I’m just going to come out and say it: Black people keep dying in the care of institutions of power and influence because these power structures (or the people within them) experience no significant penalty for killing us.

It’s the reason why we keep seeing police officers shoot an unarmed man in the back on a Tuesday, and walking the streets of Anytown, USA 30 days later.

It’s the reason why we keep seeing Black women dying shortly after engaging with the health care system in any meaningful way.

And it’s also the reason why Dr. Susan Moore is no longer with us.

Dr. Moore, a Black woman and mother to a teenaged college student who just graduated from my high school alma mater, ran a private primary care practice in Carmel, Indiana, when she went to the hospital specifically for complications associated with COVID-19. She remained at the hospital under the care of a doctor she identifies as Dr. Eric Bannec (his research record), who refused to offer her both the treatment for the COVID she obviously tested positive for, and the pain she reported.

Throughout her time in the hospital she documented her treatment on a FB post, her own recommendations for her care, and what the doctor’s responses were. She documented how she was sent home despite not being in a condition where this decision was safe. Within hours of returning home, she was admitted to the ER of a second hospital, where she could not be saved.

She looked into the camera, hardly able to get through more than four words without pausing, and told us, “He told me, ‘You don’t qualify… you should just go home right now.'”

Dr. Moore says, righteously, “I maintain… that if I was white… I would not have had to go through that.”

This is a woman who took the energy and time to document her care in the hopes that someone would be penalized for what she knew was coming.

In a statement written by the hospital system’s CEO, Dennis Murphy, Dr. Moore was called a “complex” patient”who “intimidated” the staff. He went on to declare, “I do not believe that we failed the technical aspects of her care,” because somehow death is not indicative of a hospital’s failure to provide care.

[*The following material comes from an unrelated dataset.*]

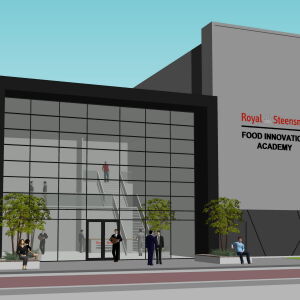Het voormalig stadskantoor wordt volledig getransformeerd tot Food Innovation Academy. Tussen de fabriek van Royal Steensma en de Academy is een loopbrug ontworpen. Ook het bestaande kantoor van Royal Steensma wordt volledig getransformeerd.

What happens to the doctor who very clearly ignored her request for pain relief? I’m from Indiana—they’ve been prescribing pills indiscriminately for years for profit, but now all of a sudden doctors have consciences and want to second guess prescribing something? Why am I supposed to believe that this was merely about concern about addiction, instead of wanting to force a Black woman, his professional peer, into submission? Or worse—watch her writhe in pain, as if it isn’t possible to prescribe a non-habit forming medication?

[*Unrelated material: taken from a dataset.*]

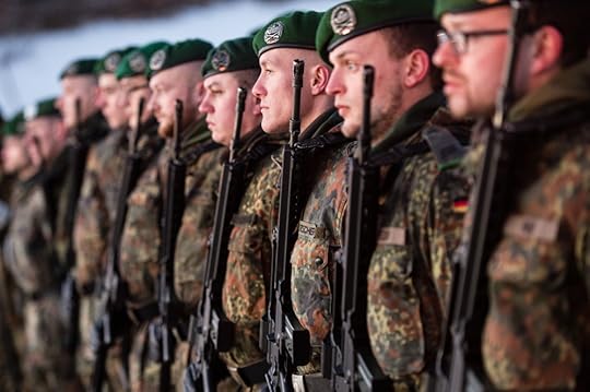 (Soldiers of armored infantry battalion Panzergrenadierbataillon 122 of the Bundeswehr, the German armed forces, attend a ceremony to mark their pending deployment to Lithuania on 19 January, 2017 in Oberviechtach, Germany Johannes Simon/Getty Images)

Why does this monster still have a job? Why would an institution put their name behind defending him?

Because we have not reached enough of a point where racism causes a penalty. Are people losing their jobs? Are people losing their wealth? Are they losing their hard-earned licenses?

Is the hospital system being penalized in any way for this loss of life, especially in this way? Are their donors backing out? Are they losing patients, sponsorships, partnerships?

Are the other doctors speaking out? No? Is it because they’re being written up for doing so? Are hospitals penalized for doing that?

We have not reached a point in this society where enough people care about the harm done to Black people, because there is still no empathy for Black people. If you don’t see us as people whose shoes you could some day find yourself in, you do not feel there is a wrong to be righted. If you don’t feel that we are people who experience pain, you don’t feel as if there is a person standing before you who deserves help.

When I wrote about getting Black people to trust the health care system again, to trust doctors and science again after a legacy of horrific treatment, I said it clearly:

Changing this climate of conspiracy and mistrust […] requires regulation that penalizes those who violate our rights to consent to care, and significant punitive restitution be paid to those who have suffered… and media has to uncover and report it when it happens. We have to see that people care about us enough to protect us preemptively from harm, and that those who are hellbent on harming us will actually be forced to suffer a consequence and pay restitution.

There are endless situations in America where harm is committed against people, and that harm continues because the benefits still outweigh the penalties. In health care in America, the more frequently a Black woman engages with the medical industry, the more likely her death will come sooner than it should. Her doctors will almost certainly dismiss her pain. She will be gaslit into believing it is less serious than it is, and will be sent home and told to ignore it instead of being given the tools to self-assess. And because of it, she will be unable to fight for the most valuable thing she could ever have—her life.

And the health care system just continues to roll on, as if this pattern isn’t real and horrifying, as if there’s simply nothing to be done.

If you read the comments on posts about Dr. Moore, you’ll be inundated with comments about how white people go through th—listen. I don’t want to hear the minimizing of the experiences of Black women in the comments section where we discuss the loss of a Black woman. That is not solidarity. I want to hear “I am so angry this is still happening, we really need a change in our health care system.” I want you to do something about it.

If medicine is solely going to be about the money, then it’s time people start losing their money when they commit injustices against Black people. If the horrific, egregious treatment of this woman does not warrant the firing of this… this doctor, then what does?